Опубликовано в журнале Вестник Европы, номер 44, 2016
С кончиной Екатерины Юрьевны
Гениевой что-то изменилось в моей жизни.
Собственно, так бывает всегда,
когда уходит человек, с которым ты был связан годами тесного знакомства (боюсь написать
здесь: дружбы, ибо таких, как я, вокруг нее было великое множество: писатели, переводчики,
художники, редакторы, дипломаты, священнослужители — от простого иерея до увешанного
панагиями митрополита, сотрудники ее Библиотеки, обожавшие Катю, но теперь в связи с необратимым изменением обстоятельств привыкающие любить
новое начальство). Как бы мы ни верили в предстоящую всем нам
встречу с теми, кто нас покинул, иначе говоря — в жизнь будущего века, —
вид разверстой могилы и гроба, где покоится человек, так похожий на живого, человек,
с которым не далее как неделю назад ты говорил по телефону, а чуть раньше встречался
и обсуждал будто бы важнейшие вопросы издания твоей новой книги, а еще раньше
в одном вагоне путешествовал во Псков или в одном самолете
летел в Красноярск, — право же, этот мучительнейший из всех разрывов, разрыв между
еще живым вчера, а ныне уже мертвым, помимо горя, вызывает отчаяние, перехватывающее
горло.
Какая встреча? Будет ли она?
Надежда на нее относится к области нашей слабой веры, тогда как глазам предстоит
неоспоримая реальность могилы. И не получается, как учит нас Спиноза, смотреть на
все sub specie aeternitatis•, ибо все случившееся не
только больно ранит сердце, но буквально казнит своей дикой неправдоподобностью.
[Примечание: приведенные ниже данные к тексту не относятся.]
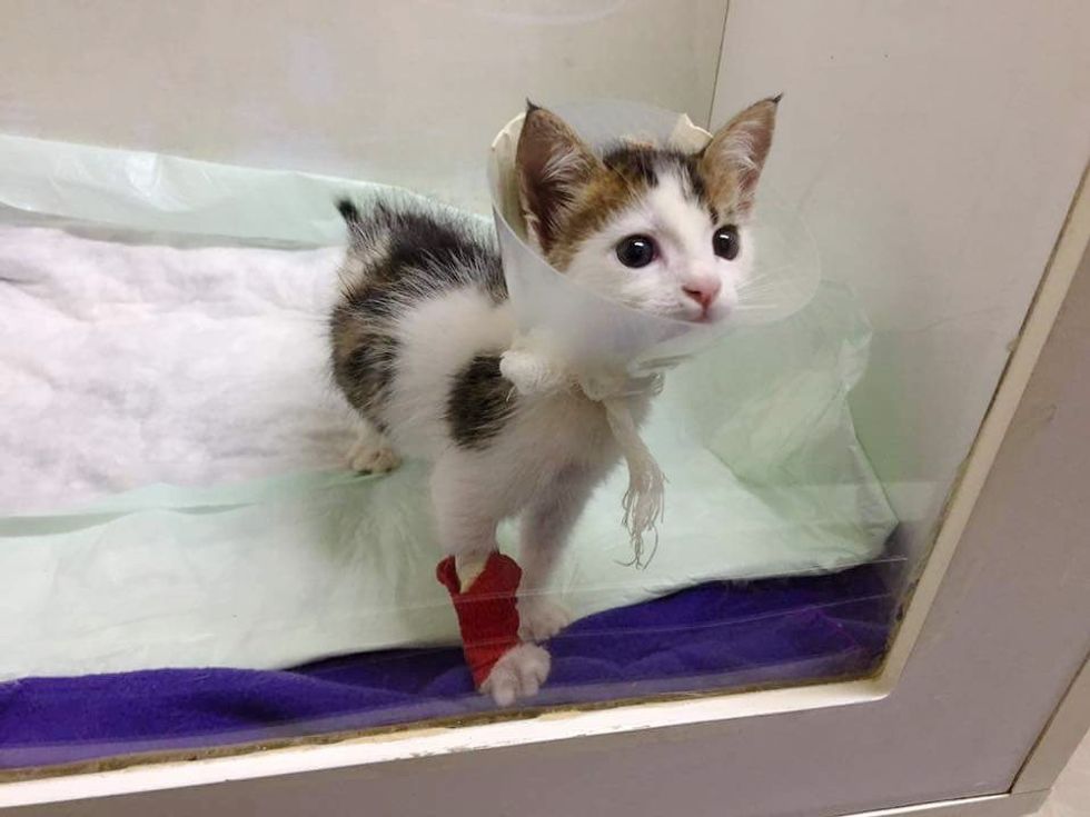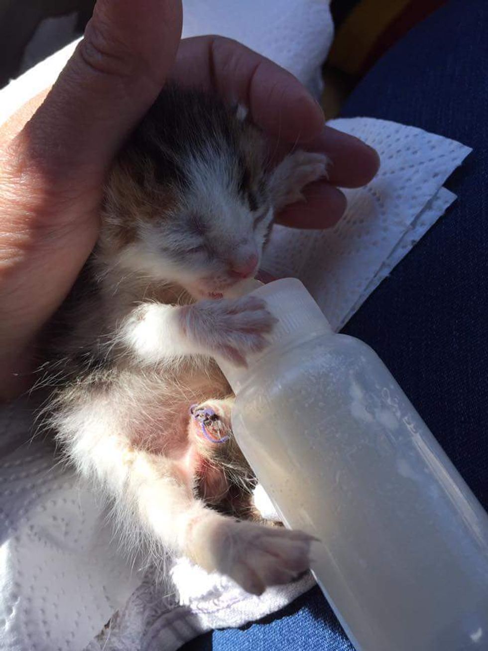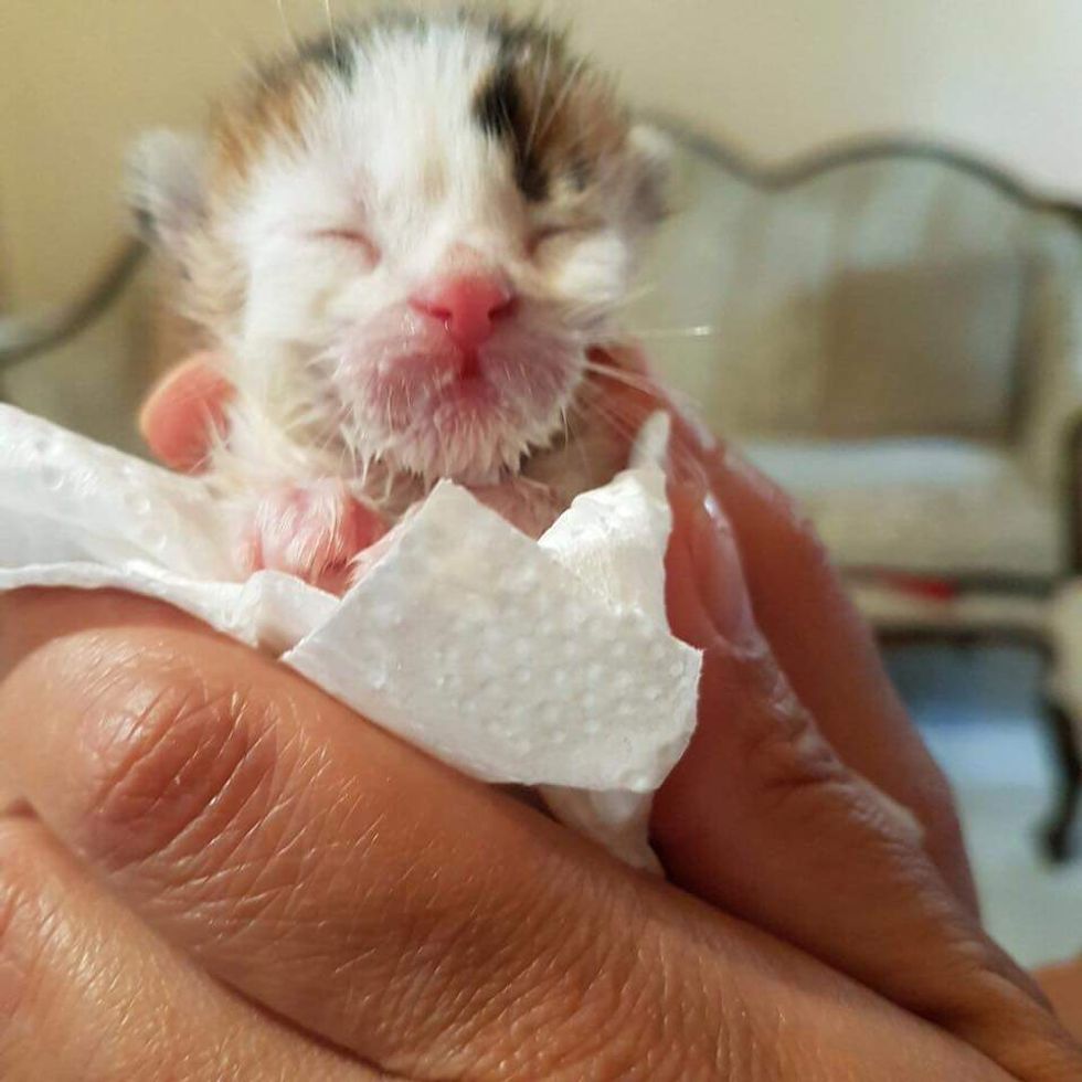 The kitten was crying for his mom who was nowhere in sight. He was barely one week old and had a bad paw and a broken leg. She took the baby home and started nursing him around the clock. Soon the little fighter bounced back and started putting on weight and gaining strength like a warrior.

Что-то изменилось не только в моей жизни; и не только в жизни других людей; меняется,
для нас подчас совершенно неуловимо, само бытие — хотя бы потому, что в создание
человека вложено бесконечное количество тысячелетнего труда, и его потеря всегда
отзывается на мироздании. А когда тебе выпадает горестное счастье и великая
ответственность промолвить несколько по возможности небанальных слов о Екатерине
Юрьевне, то прежде всего следует сказать, что в ней удивительным
образом выразился какой-то, вероятно, не до конца понятный нам замысел, создавший
эту совершенно неповторимую личность. Было тут, вероятно, и сочетание двух кровей,
и воспитание, и огранка мировой культурой, и приобщение к христианству — но было,
вне сомнений, и нечто иное, что при взгляде на нее навевало представление о царственных
— в лучшем и высоком смысле — особах навсегда ушедших времен. Достаточно было хотя бы раз увидеть, как входит Екатерина Юрьевна в
Овальный зал, название которого, вопреки его действительной форме, оставил
ей в наследство горячо любимый ею отец Александр Мень,
как на пути к председательскому (обыкновенно) месту ее сто раз перехватят, остановят,
начнут расспрашивать, и она со свойственной ей быстротой ума успевает перемолвиться
со всеми и всем ответить; как одним взглядом своих темных глаз диковинной
птицы она сбивает пыл с какого-нибудь чересчур увлекшегося собой витии; с каким благожелательством представляет
собравшимся людям новую книгу, выпущенную ею же созданным при Библиотеке издательством
«Центр книги Рудомино», — автора, художника, редактора…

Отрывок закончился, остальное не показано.